なのに何故あの子は自分を好きだと言うのか、今でもわからない。
大方、性に興味のある年頃でもあるし、友人達も皆そう言う話をしているから、手っ取り早く童貞を卒業したいだけなのだろう。
いやいや、だからと言って男に走るのはどうなんだ?
「俺、そんな軽そうに見えんのかな? そもそも、なんで俺……?」
考えれば、考えるほど謎である。ゲイの友人は何人か知っているが、自分はゲイでは無い。歴代の恋人はみんな女性ばかりだったし、男性と付き合ったことなんて一度もなかった。
それどころか、今まで男と恋愛したいと思ったこともなければ、抱きたいとも抱かれたいとも思ったこともない。

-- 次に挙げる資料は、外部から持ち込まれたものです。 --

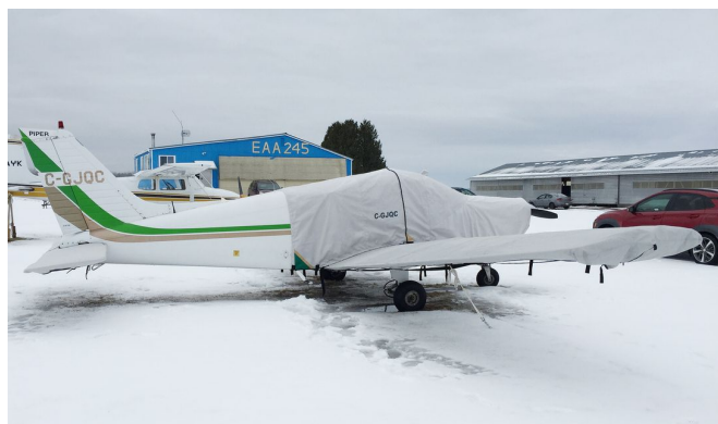
Piper PA-28 Extended Canopy/Engine, Wing & Horizontal Stabilizer Covers

mitigation, or for occasional travel. The material is lighter and more compact, but more susceptible to UV damage and may have a shorter useful life if used continuously outside than the all-year use material.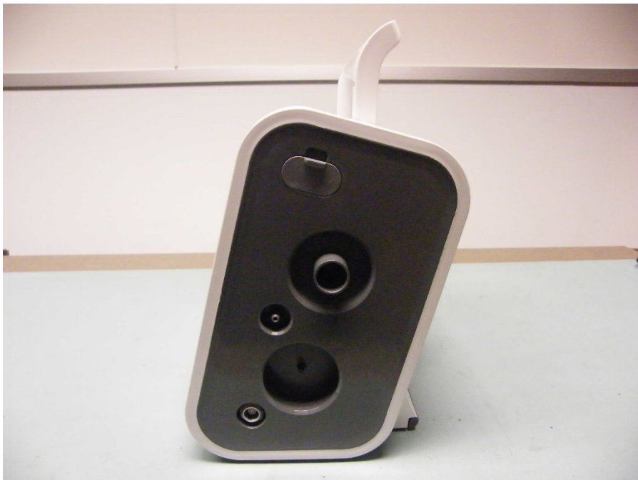
Figure 4: Right Side View of Trilogy EVO Device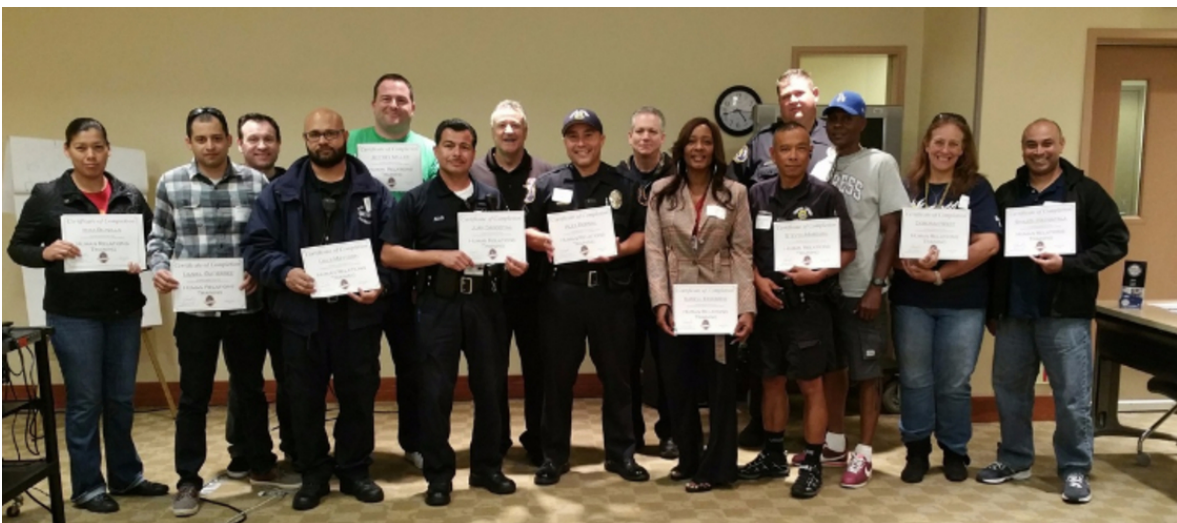
Campus Safety Officers with their Certificates of Completion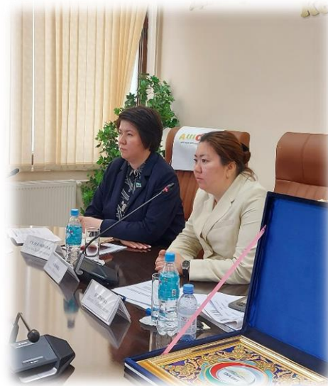
Cooperation with Deputies of the Mazhilis and the Senate of the Parliament of the Republic of Kazakhstan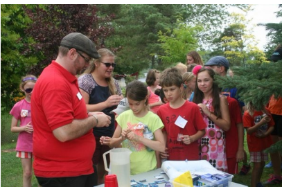
Six activity stations inside and outside for this event.

2015 we invited the National Museum of Science and Technology and transform the library inside and out for our TDSRC finale. More than 130 children read their way to the event.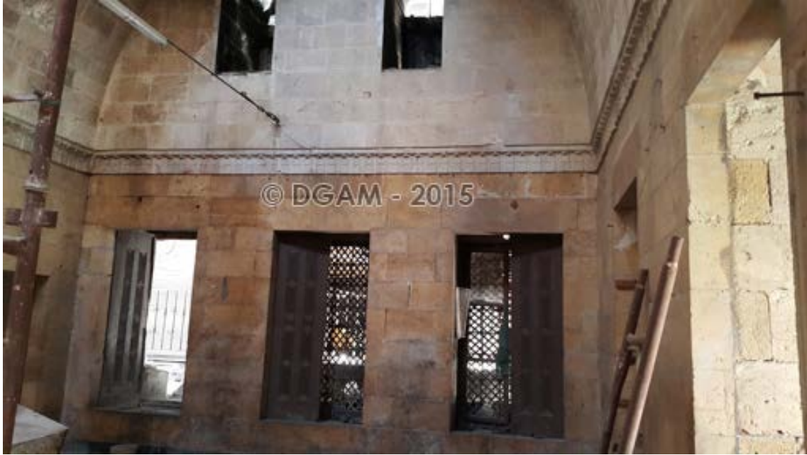
Aslan Dada Mosque, Aleppo (DGAM; posted May 10, 2015)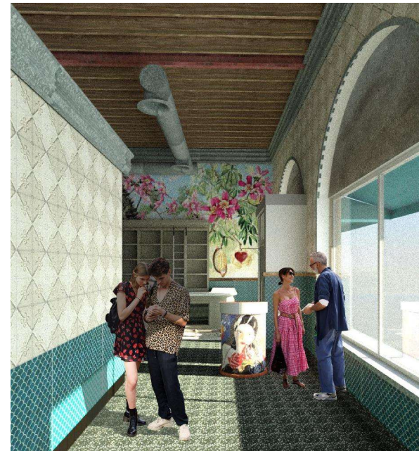
(D) PROPOSED RESTAURANT NOT TO SCALE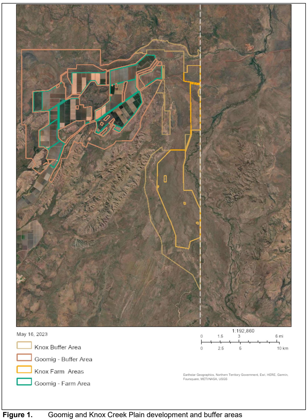
Goomig and Knox Creek Plain development and buffer areas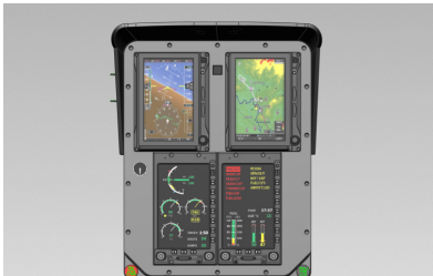
Glass Cockpit with Howell Instruments Engine Instruments Display & Garmin G500TXi MFD/PFD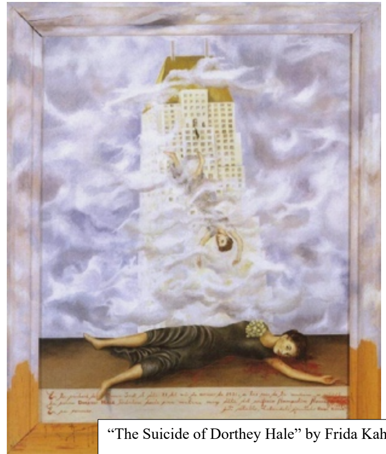
"The Suicide of Dorthey Hale" by Frida Kahlo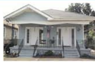
1208/1210 S. GENOIS

IMMEDIATE CASH FLOW. Property is currently getting $1800 rent, potentially more. Gutted after Katrina, renovations completed in 2006 include new roof, dry wall, and wiring, 2 new central heaters installed since 2006. Long term tenants, excellent return on investment. Close to the Blue Plate Mayonnaise Building. $125,000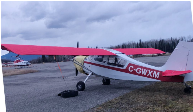
Bellanca Scout 8GCBC Wing & Horizontal Stabilizer Covers

WINTER USE MATERIAL - Made with Solution-Dyed Polyester fabric, this option is intended for seasonal use to aid in deicing, rain mitigation, or for occasional travel. The material is lighter and more compact, but more susceptible to UV damage and may have a shorter useful life if used continuously outside than the all-year use material.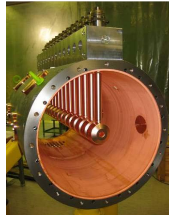
Figure 3: DTL prototype.

A Drift Tube Linac (DTL) divided in three tanks accelerates the beam up to 50 MeV. Focusing in the DTL is provided by 108 Permanent Magnet Quadrupoles (PMQ) placed in vacuum inside the drift tubes. The DTL is based on a new mechanical design allowing precise positioning of the drift tubes inside the tank, without the need for bellows or rubber vacuum joints to align the drift tubes after assembly. The principle has been tested on a 1.2 m long high-power prototype (Fig. 3) which has been conditioned up to the design voltage. Construction of the DTL has started; the components are being produced in industry, in collaboration with the ESS-Bilbao project. Assembly and tuning will be done at CERN.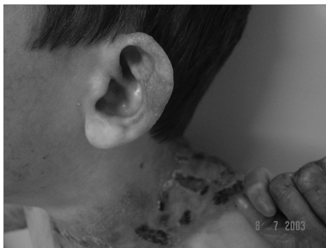
Figure 4. Scar lesion in the ear (milia).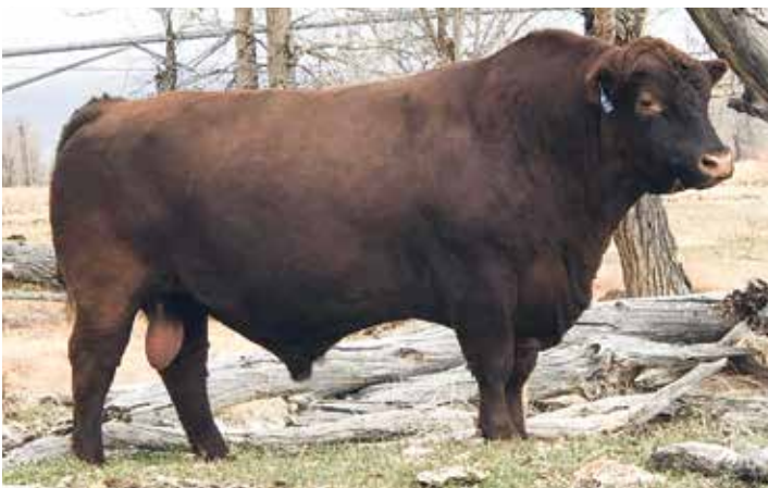
5L FOREMAN 2174-370E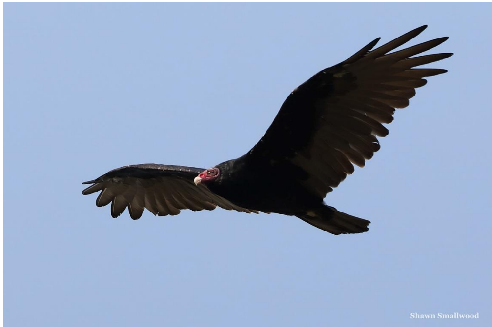
Figure 5. One of multiple turkey vultures foraging over and around the proposed project site on 25 August 2018.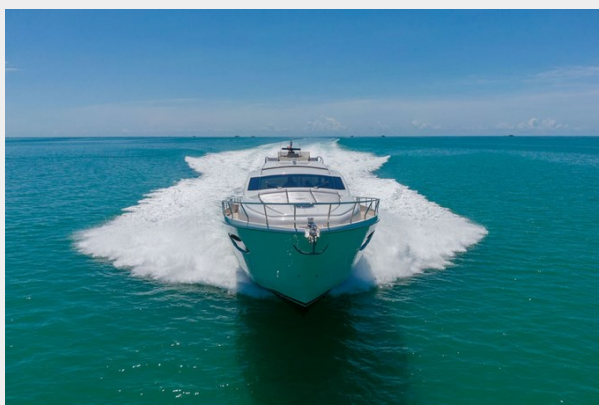
74 Pershing 2018 Exterior Running 3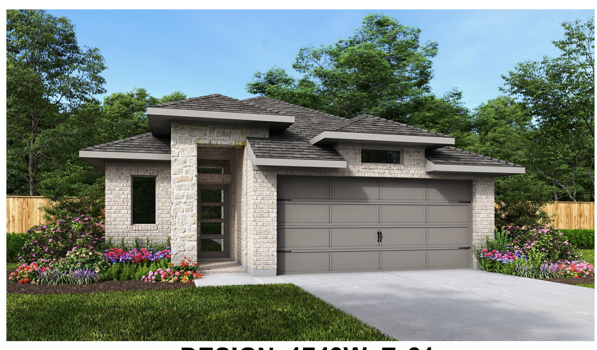
DESIGN 1743W E-31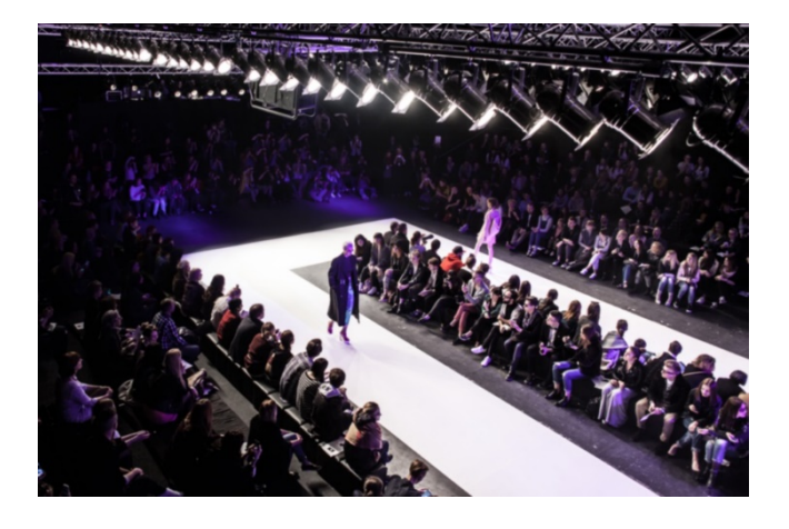
Page | 4 2021/06667D/V1.0/20210901

Your Statement of Fact is Your copy of the information You have declared to Us. It is this information which We have based Our decision to provide You with the insurance or a quotation. It is vital that You make sure the information contained within this document is correct.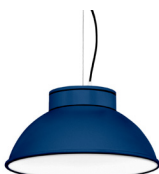
18: RAL 5003 Sapphire Blue textured 10: RAL9010 Pure White textured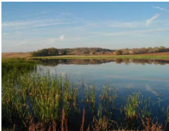
Wetland located in Eureka Township

As people understand ecological processes better, attitudes towards wetlands change. We now know that wetlands are, in fact, valuable natural resources. Whether drier or wetter, bigger or smaller, wetlands provide important benefits to people and the environment. Wetlands help regulate water levels within watersheds; improve water quality; reduce flood and storm damages; provide important fish and wildlife habitat; and support hunting, fishing, and other recreational activities. Wetlands are natural wonderlands of great value.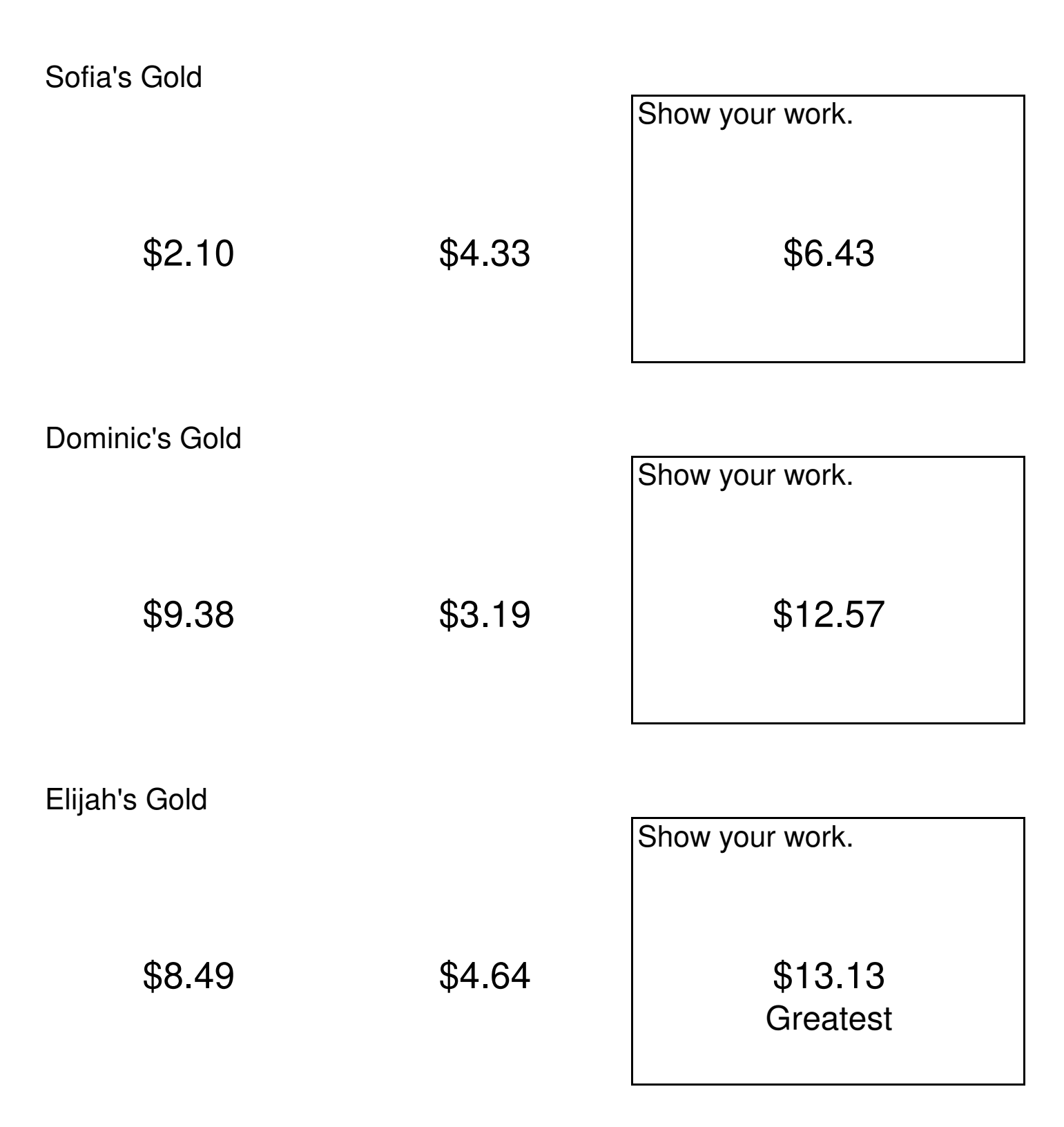
Happy St. Patrick's Day from http://www.math-drills.com

Instructions: Each friend found two pots of gold. Add the values of the two pots of gold. Who found the most gold?

そんな自分が男に告白されるなんて……。正直、困惑するばかりだ。
「つーか、無理なら無理ってハッキリ言ってやればよかったじゃないか」
「言ってるよ。何度も……。でも、最近じゃ、やっぱダメかぁ~みたいな軽いノリになって来てて……何がしたいんだかアイツは」
「あいさつ代わりみたいなもんだと思えばいいんじゃねぇの? 心底無理って訳じゃないんだろ?」
「……」
あくまでも他人事のよう口調にいささかムッとして思わず眉間に深い皺が寄った。でも、確かに彼の言っている事は正論だ。
「わかんねぇよ……。俺は教師だし……。考えちゃいけない気がして」
「ひっでぇなぁ、ちゃんと考えてやれよ。お前のそのあいまいな態度がダメなんじゃないか? ……そんなんだから、彼女に二股掛けられて捨てられるんだろ」
「っ……。うるさいなぁ……」
痛い所を突かれて言葉が出てこず、透は運ばれてきたばかりのソルティドッグを一気に飲み干した。